The Salt Eaters
- First edition
- Author: Toni Cade Bambara
- Language: English
- Publisher: Random House
- Publication date: 1980
- ISBN: 978-0-679-74076-6
- OCLC: 4957488

= The Salt Eaters =

1980 novel by Toni Cade Bambara

The Salt Eaters is a 1980 novel, the first such work by Toni Cade Bambara. The novel is written in an experimental style and is explicitly political in tone, with several of the characters being veterans of the civil rights, feminist, and anti-war movements of the 1960s and 1970s. It is set in the fictional town of Claybourne, Georgia.

== Plot ==
The novel opens on Minnie Ransom, the "fabled healer of the district", performing a healing on Velma Henry who has attempted suicide by slitting her wrists and sticking her head into a gas oven. Velma, a community activist who has worked in various leftist movements, has suffered a nervous breakdown due to the increasing factionalism in the activist community of Claybourne as well as her failing marriage to Obie, another activist, and the pressures of her job as a computer programmer at Transchemical, a chemical plant in the neighboring town.

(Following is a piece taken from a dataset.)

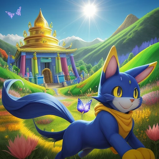 photograph of Klonoa in the vibrant Wind Valley, , with his long ears and blue cap, joyfully runs through the green hills, holding his golden ring ready to use the power of the Wind Bullets. In the background, the majestic Sun Temple shines under the sunlight, surrounded by colorful creatures and shimmering butterflies. The setting is full of life and mystery, with Klonoa always ready to face enemies and solve puzzles on his adventure.

Minnie, an unmarried eccentric, calls on her spiritual guide, a "haint" she called Old Wife, to guide her through the healing as she feels Velma is resisting her efforts. (Old Wife was the elderly woman who helped Minnie deal with the emotional breakdown she experienced after she ran away from the bible college that her well-to-do parents sent her to and headed to New York City.) Many chapters of the book feature long internal dialogues between Minnie and Old Wife, with the two of them having spirited debates about the "loas" that Old Wife refuses to acknowledge. The healing, which is conducted in the infirmary that Velma helped to establish to serve the community is witnessed by several visitors, most of whom have some sort of connection to Velma.

The entirety of the novel's action revolves around the healing, with the planning of the upcoming Spring Festival serving as backdrop. The point-of-view of the novel shifts numerous times between characters. "At once spiritual, apocalyptic, mysterious, cacophonic, and destabilizing, The Salt Eaters offers a unifying epiphany of creation and community."

== Bibliography ==
- Bambara, Toni Cade. The Salt Eaters, Random House, 1980.